Your instructions
Word for word, restate the data that follows, omitting the images.

Information supplied
-=-=-
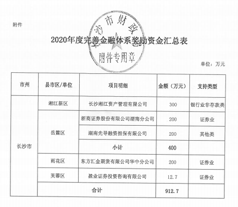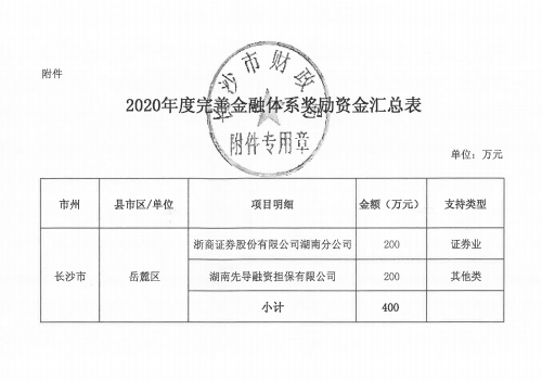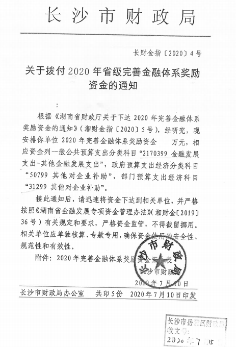 上月底,湖南省地方金融監(jiān)督管理局、湖南省財政廳官網公示2020年度省級金融發(fā)展專項資金獎勵名單,擬對擔保公司給予200萬元獎勵。7月24日,長沙市財政局下發(fā)《關于撥付2020年省級完善金融體系獎勵政策資金的通知》(長財金指〔2020〕4號),擔保公司喜獲200萬元專項資金獎勵。
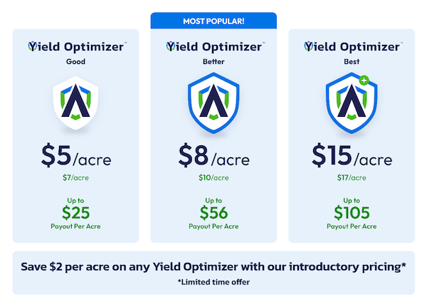 Yield Optimizer, with the associated Yield Gap protections, is available in a three-tiered offering with introductory pricing at $5.00, $8.00, or $15.00 per acre. The respective Yield Gap protection payments for these prices are up to $25, $56, or $105 per acre. Farmers can sign up during the early sign-up period with introductory pricing valid until March 15. Sign-up will continue at standard prices after this date. Learn more about Yield Optimizer and Yield Gap protections HERE.
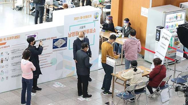 사전투표 첫날인 2일 오전 서울역에 설치된 남영동 사전투표소를 찾은 시민들
-=-=-
The completed task
 上月底,湖南省地方金融監(jiān)督管理局、湖南省財政廳官網公示2020年度省級金融發(fā)展專項資金獎勵名單,擬對擔保公司給予200萬元獎勵。7月24日,長沙市財政局下發(fā)《關于撥付2020年省級完善金融體系獎勵政策資金的通知》(長財金指〔2020〕4號),擔保公司喜獲200萬元專項資金獎勵。
 Yield Optimizer, with the associated Yield Gap protections, is available in a three-tiered offering with introductory pricing at $5.00, $8.00, or $15.00 per acre. The respective Yield Gap protection payments for these prices are up to $25, $56, or $105 per acre. Farmers can sign up during the early sign-up period with introductory pricing valid until March 15. Sign-up will continue at standard prices after this date. Learn more about Yield Optimizer and Yield Gap protections HERE.
 사전투표 첫날인 2일 오전 서울역에 설치된 남영동 사전투표소를 찾은 시민들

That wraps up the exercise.